Exposure keratopathy
Limbal deficiency
Topical anesthetic abuse

Workup

Laboratory Studies

  • Any dense stromal infiltrate should be cultured for bacterial keratitis prior to instituting antibiotic therapy.
  • Viral cultures or immunofluorescence staining may be necessary if herpes simplex or herpes zoster is suspected but is not distinguishable clinically.
  • Impression cytology may be necessary to rule out limbal deficiency. Corneal epithelium is positive for cytokeratin 3 and negative for cytokeratin 19. Conjunctival epithelium is negative for cytokeratin 3 and positive for cytokeratin 19.

Imaging Studies

  • An MRI of the brain and orbits is obtained when any associated neurologic deficit or the etiology of corneal hypesthesia is in doubt.

Procedures

  • Corneal esthesiometry: Measurement of corneal sensitivity is crucial for diagnosis and prognosis.

Histologic Findings

  • Decreased epithelial thickness with loss of surface desquamating layer
  • Decreased epithelial cell glycogen
  • Loss of surface cell microvilli
  • Intracellular swelling of remaining surface epithelial cells
  • Areas of abnormal basal lamina
  • Decreased goblet cell density in conjunctiva
  • Increased length of surface microvilli

Treatment

Medical Care

  • Stage 1
    • Topical lubrication with preservative-free artificial tears, gels, and ointments
    • Discontinue any topical ocular therapies, especially those that can decrease corneal sensitivity (eg, timolol, betaxolol, sulfacetamide, diclofenac, ketorolac) or contain preservatives.
    • Reevaluate the need for systemic drugs, such as neuroleptics, antipsychotics, and antihistamines.
    • Punctal occlusion may need to be considered.
    • Oral tetracycline (250 mg PO bid) or doxycycline (100 mg PO every other day) can reduce the amount of mucus produced.
  • Stage 2
    • All of stage 1 treatments
    • Topical tetracycline reportedly increases the healing of epithelial defects (not available in an ophthalmic drop preparation)
    • Topical cycloplegia with atropine 1% or scopolamine 0.25% once daily in the presence of anterior chamber inflammation
    • More likely to require surgical intervention than stage 1
  • Stage 3
    • All of stage 1 and stage 2 treatments
    • Surgical intervention
  • Medications to avoid
    • Topical corticosteroids may increase collagenase activity and stromal melting.
    • Topical NSAIDs have not shown any benefit in wound healing, and diclofenac and ketorolac use can decrease corneal sensitivity.
  • Future treatments  
    • Nerve growth factor has been shown to induce healing of stage 3 keratopathy in one open, uncontrolled study.
    • Aldose reductase inhibitor, CT-112, has been shown to reverse abnormal morphology of corneal epithelial cells and to increase corneal sensitivity.
    • Topical pindolol has been reported to speed the healing of epithelial defects in rabbits.

Surgical Care

Surgical care for neurotrophic keratopathy has 3 goals, as follows: (1) to protect the epithelium by lid closure, (2) to close a persistent epithelial defect, and (3) to repair a deep ulceration.

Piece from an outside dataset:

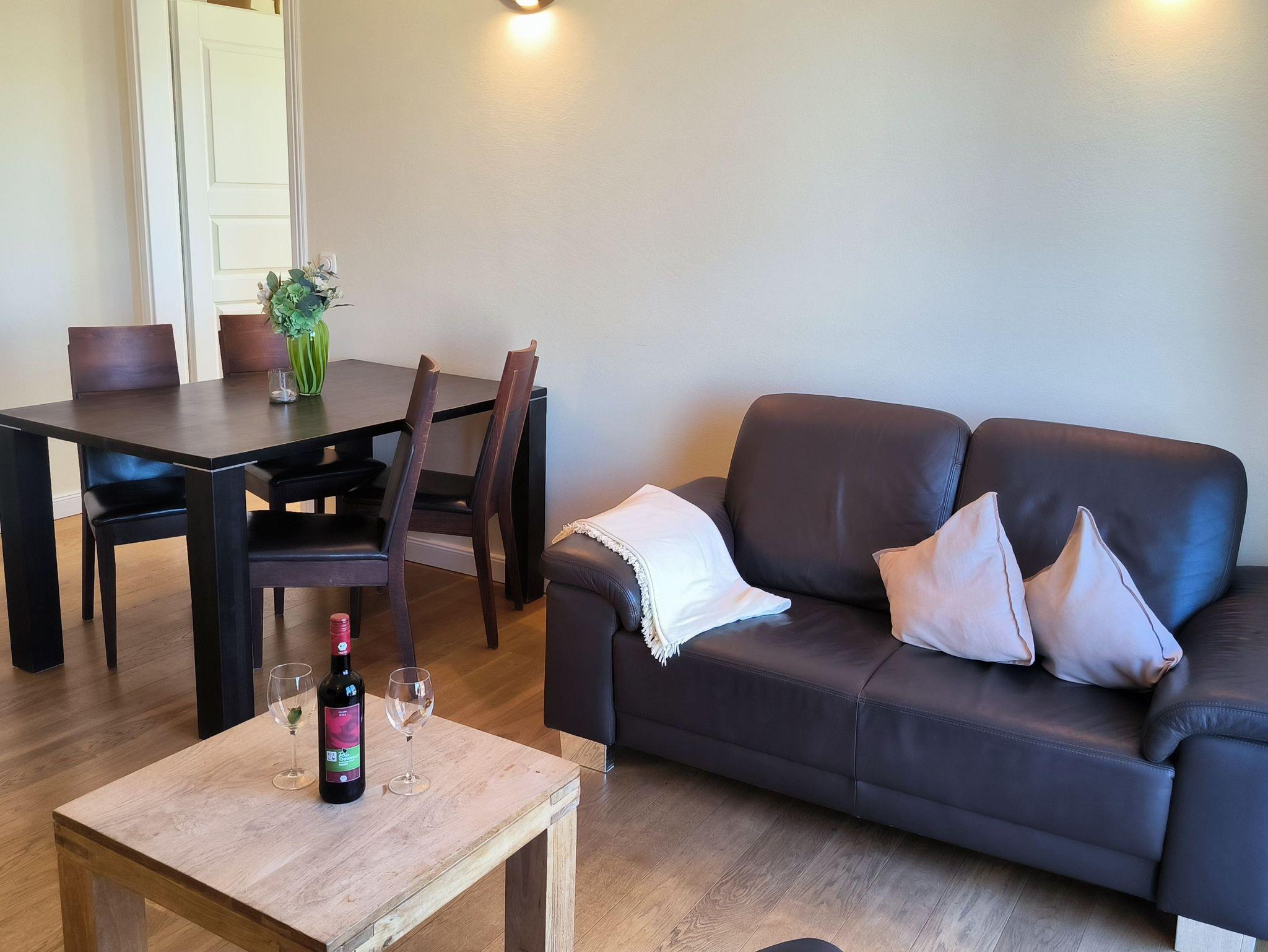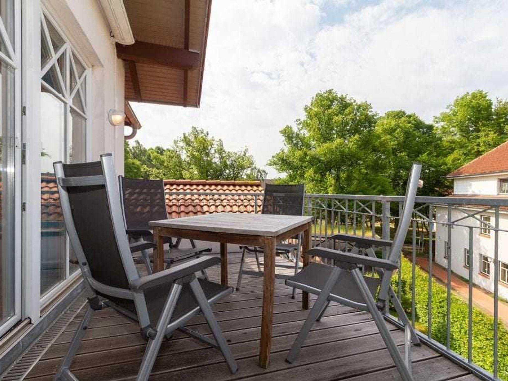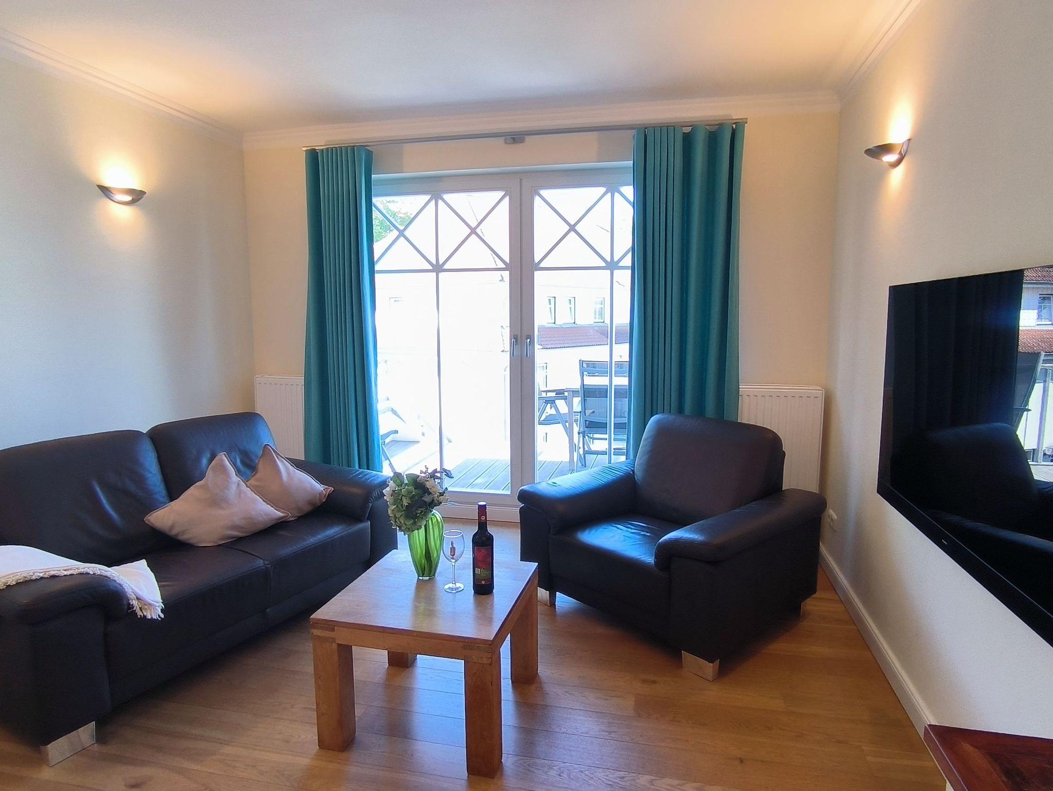 Moderne Ferienwohnung in Rerik mit zwei Balkonen, hochwertigem Dielenboden und Espresso-Maschine für erholsame Tage.

  • Closure of the lids - In the presence of severe or total loss of corneal sensation, keratitis sicca, or exposure keratopathy, a lateral tarsorrhaphy, palpebral spring, or botulinum A toxin injection in the levator muscle may prevent progression to stage 2.
  • Closure of a persistent epithelial defect
    • Conjunctival flap - Effective but poor cosmetic and visual result
    • Amniotic membrane transplantation
  • Repair of a deep ulceration
    • Lamellar keratoplasty
    • Penetrating keratoplasty - For large defects
    • Multilayer amniotic membrane transplantation - Has been used in defects as deep as 90% of the stroma
    • Cyanoacrylate glue with a soft bandage contact lens - For defects smaller than 2.0 mm

Consultations

Consult a neurologist if the cause of corneal hypesthesia is not apparent or if any associated neurologic deficits are present.

Medication

No medications are available that can improve corneal sensitivity. The medications used in the treatment of neurotrophic keratopathy are adjunctive to lubrication and surgical intervention.

Antibiotics

The tetracyclines have shown anti-inflammatory and anticollagenolytic activity.


Tetracycline (Sumycin)

May have anticollagenolytic properties that improve symptoms.

Dosing

Adult

250 mg PO bid

Pediatric

Not established

Interactions

Antacids, bismuth, carbamazepine, phenobarbital, and phenytoin can decrease efficacy; methoxyflurane can have synergistic effect and increase risk of nephrotoxicity; warfarin may have increased risk of bleeding secondary to decrease in vitamin K production

Contraindications

Documented hypersensitivity; pregnancy; <8 years; caution if renal or hepatic function impaired

Precautions

Pregnancy

D - Fetal risk shown in humans; use only if benefits outweigh risk to fetus

Precautions

Caution in patients with impaired renal or hepatic function


Doxycycline (Doryx, Vibramycin, Bio-Tab)

May have anticollagenolytic properties that improve symptoms.

Dosing

Adult

100 mg PO qod

Pediatric

Not established

Interactions

Antacids, bismuth, carbamazepine, phenobarbital, and phenytoin can decrease efficacy of tetracycline; methoxyflurane can have synergistic effect and increase risk of nephrotoxicity; warfarin may have increased risk of bleeding secondary to decrease in vitamin K production

Contraindications

Documented hypersensitivity; pregnancy; <8 years; caution if renal or hepatic function impaired

Precautions

Pregnancy

D - Fetal risk shown in humans; use only if benefits outweigh risk to fetus

Precautions

Caution in patients with impaired renal or hepatic function

Cycloplegics

These agents relieve pain associated with iridocyclitis.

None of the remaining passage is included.